DATA SUPPLIED ->
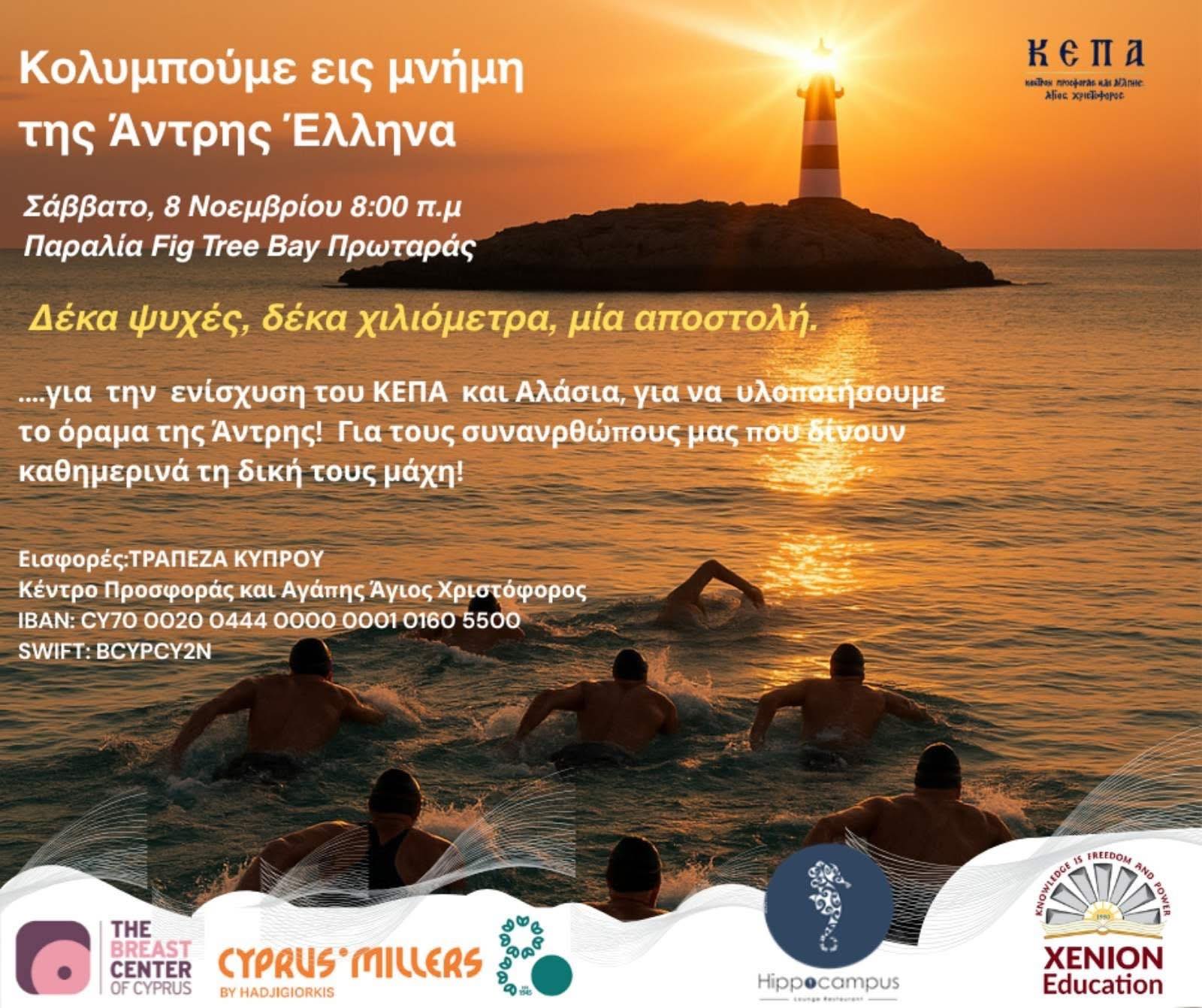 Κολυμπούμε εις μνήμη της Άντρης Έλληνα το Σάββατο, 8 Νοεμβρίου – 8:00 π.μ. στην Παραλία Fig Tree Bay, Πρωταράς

--

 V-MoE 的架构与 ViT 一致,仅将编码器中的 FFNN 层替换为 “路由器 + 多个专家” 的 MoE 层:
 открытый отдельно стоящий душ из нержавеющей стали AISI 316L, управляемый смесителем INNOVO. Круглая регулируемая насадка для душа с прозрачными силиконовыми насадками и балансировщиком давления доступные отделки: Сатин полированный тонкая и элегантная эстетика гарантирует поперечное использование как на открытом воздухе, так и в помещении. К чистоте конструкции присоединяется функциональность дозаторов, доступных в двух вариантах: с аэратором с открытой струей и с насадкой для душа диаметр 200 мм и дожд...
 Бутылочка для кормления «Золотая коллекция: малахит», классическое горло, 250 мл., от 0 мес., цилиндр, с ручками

AIM OF THE EXERCISE -> In the entries above, find the line holding "открытый отдельно стоящий" and the line holding "Бутылочка для кормления", then retype exactly those two lines and every line between them, and nothing else.

RESPONSE BELOW ->
 открытый отдельно стоящий душ из нержавеющей стали AISI 316L, управляемый смесителем INNOVO. Круглая регулируемая насадка для душа с прозрачными силиконовыми насадками и балансировщиком давления доступные отделки: Сатин полированный тонкая и элегантная эстетика гарантирует поперечное использование как на открытом воздухе, так и в помещении. К чистоте конструкции присоединяется функциональность дозаторов, доступных в двух вариантах: с аэратором с открытой струей и с насадкой для душа диаметр 200 мм и дожд...
 Бутылочка для кормления «Золотая коллекция: малахит», классическое горло, 250 мл., от 0 мес., цилиндр, с ручками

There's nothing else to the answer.